NOCHE DE AGUJAS,
FIEBRE Y ENFERMEDAD
Mi
querido lector, antes de comenzar a narrarles esta crónica, quiero decirle que
el tema elegido para su realización en un principio era sobre una noche en la
cantina y los hechos que allí pudiesen ocurrir, pero por un percance en mi
salud, procedí a contarles mi primera experiencia, desde que tengo conciencia,
de una noche en el hospital. Gracias.
La
noche parecía interminablemente agotadora.
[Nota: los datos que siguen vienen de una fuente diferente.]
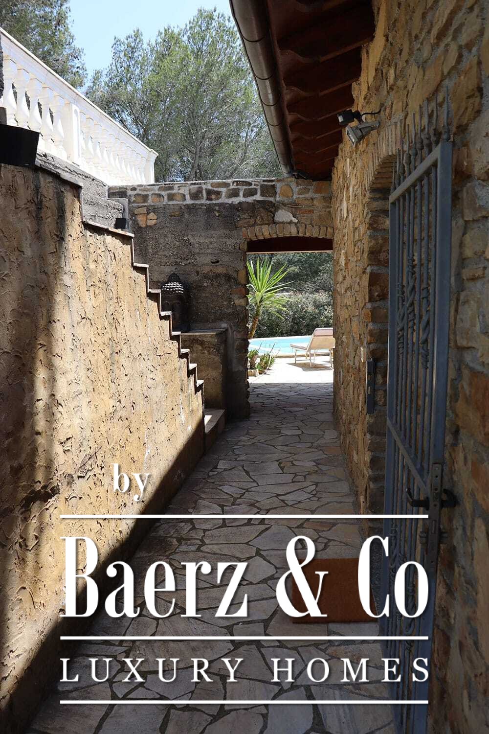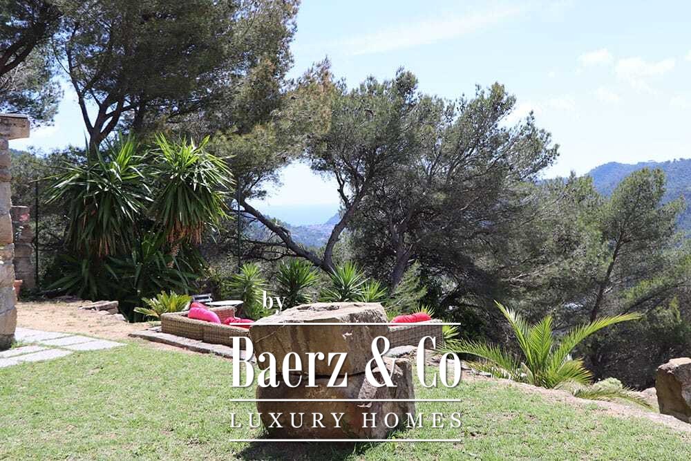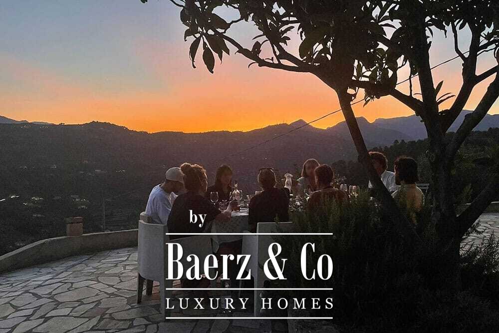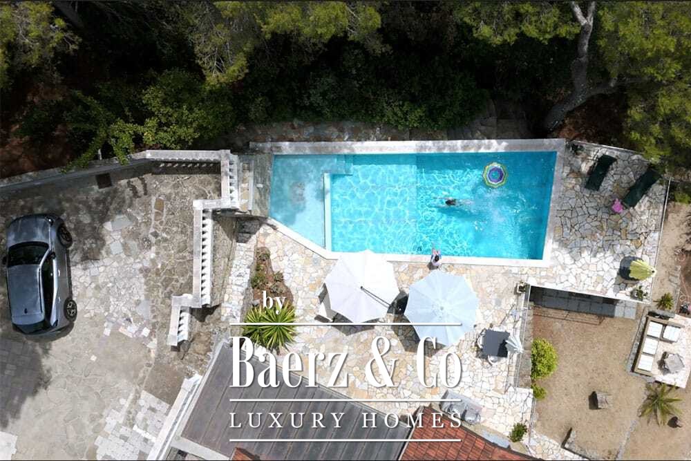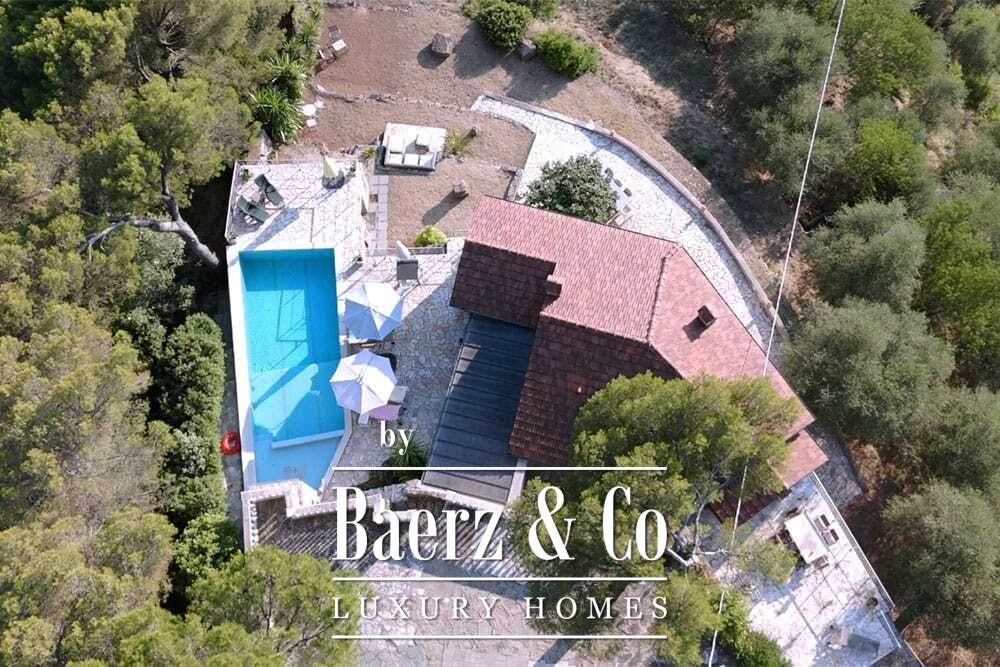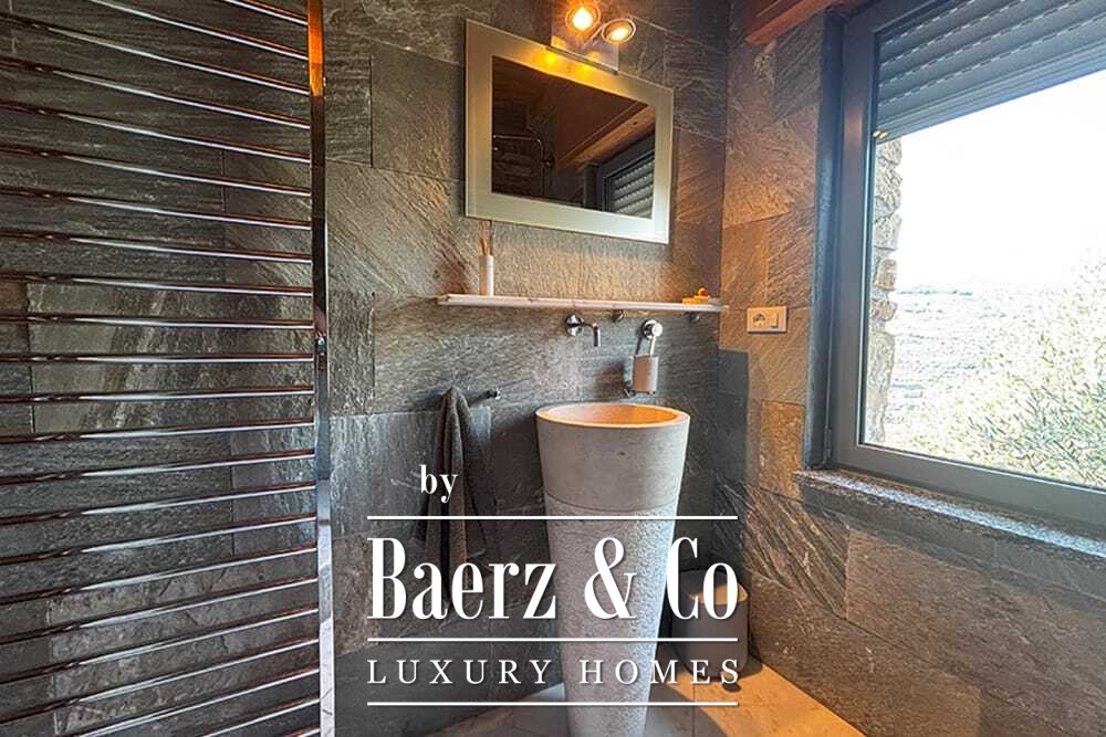 Бассейн 11 на 4 метра, полностью обновлённый в 2022 году, располагается рядом с просторной террасой с прекрасными видами на долину и море. Несколько террас, уличные кухни и тенистые перголы располагают к неформальным трапезам в любое время года. Дорожки вокруг дома окружены оливковыми деревьями, множество солнечных часов обеспечивает щедрый урожай.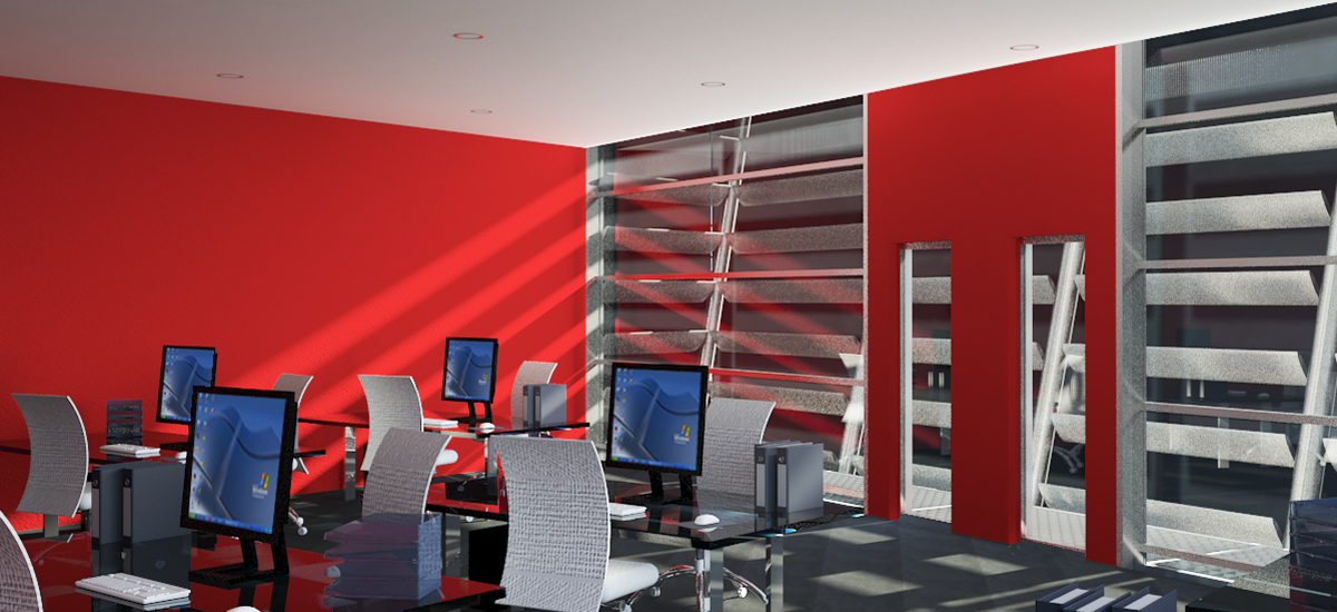 Rendering fotorealistici dell'interno degli uffici amministrativi dello studio Canuto.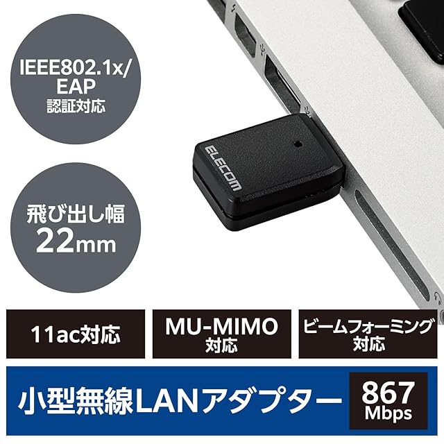 エレコム WiFi 無線LAN 子機 Wifi5 867Mbps+300Mbps 5GHz 2.4GHz USB3.0 USB-A 11ac/n/g/b/a IEEE802.1x / EAP認証 法人向け ブラック WDB-867DU3S | LIS MART
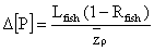 Δ [P] está en relación con las aportaciones de P procedentes de los recintos de peces (Lfish), con las dimensiones del lago (A), con la tasa de descarga (P) y con la capacidad de la masa de agua de eliminar las aportaciones (es decir, la fracción de (Lfish) retenida por los sedimentos (Rfish)):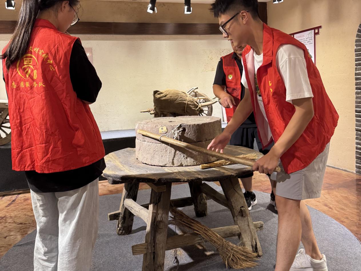 七月的泉阳镇,阳光正好。m88官网暑期三下乡实践团队的同学们怀着激动的心情,在泉阳镇农耕民俗馆门口集结,古朴的建筑在绿树的映衬下,散发着浓郁的传统文化气息。团队成员们有序走进馆内,目光被馆内陈列的一件件充满岁月痕迹的老物件所吸引,探寻民俗文化的旅程就此拉开序幕。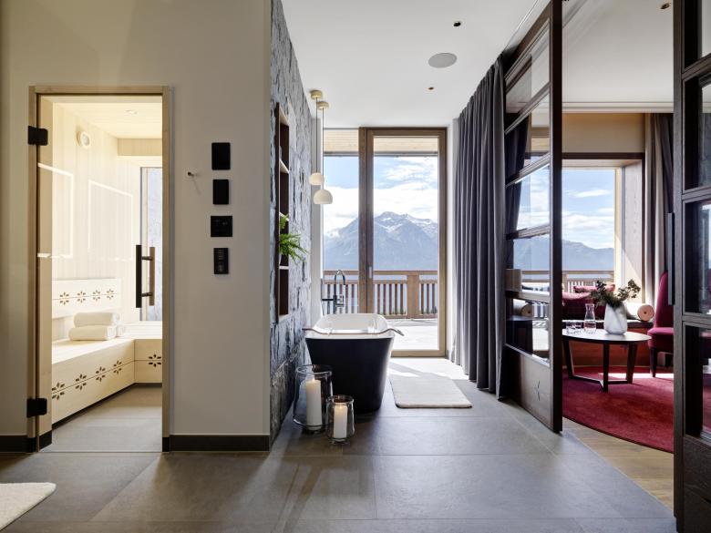 Das Highlight sind die grossen Terrassen mit dem freien Ausblick auf die traumhafte Bergwelt. Und auch im Inneren der neuen Suiten prägt die Landschaft dank grosser Panoramafenster die Atmosphäre.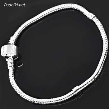 Браслет Пандора цепь змейка с застежкой-клипсой 0006605 серебряный цвет 21 см

No logré dormir nada bien y mi temperatura corporal podría estar rondando
entre los 38,5º y 39º. Además, el
fastidioso dolor de cabeza y los dolores secos de mis articulaciones, no me
dejaban en paz. Ya mi alma gritaba
desesperadamente por el malestar y la fiebre porque llevaba más de quince días
con esos síntomas y aún no se sabía qué mal padecía.
Cuando
iba cayendo lentamente en esa desesperación, una mano suave y un poco fría
frotó mi cabeza. Era mi novia quien se
había quedado esa noche en mi casa para cuidarme. En ese momento, ella me dijo:
-Aún tienes mucha fiebre. Levántate y vamos a Urgencias-.
Yo
en definitiva aborrezco los hospitales y las clínicas. Por tal motivo, de muy
mala gana respondí: -¡No, yo quiero dormir! Además, es muy temprano-. Mi novia en ese momento muy enfadada conmigo
por mi desobediencia, se levantó, despertó a mi mamá quien dormía en la
habitación contigua y le comentó que yo no quería ir a Urgencias a pesar de
tener una fiebre muy alta. Al final,
entre mi mamá y mi novia comenzaron a regañarme porque estaban preocupadas por
mi salud y porque sabían que los médicos aún no identificaban la razón de mis
males.
Con
desaliento, medio dormido y haciendo pucheros, me levanté de mi cama de muy mala
gana, fui al baño para ducharme y tratar de bajar un poco la temperatura. No sé si era la fiebre o quizás que había
llovido esa noche, pero el agua parecía antártica. Salí del baño, me alisté y
llevé algunas cosas para entretenerme como: un libro de tragedia griega, mi
celular, el cargador del celular y unas fotocopias de Walter Ong que debía leer
para la clase de Didáctica II.
El
dolor seco de mis articulaciones se hizo sentir cuando iba bajando las
escaleras del edificio donde vivo y me tocó hacerlo lentamente con ayuda de mi
novia, mientras mi mamá llegaba mis cosas.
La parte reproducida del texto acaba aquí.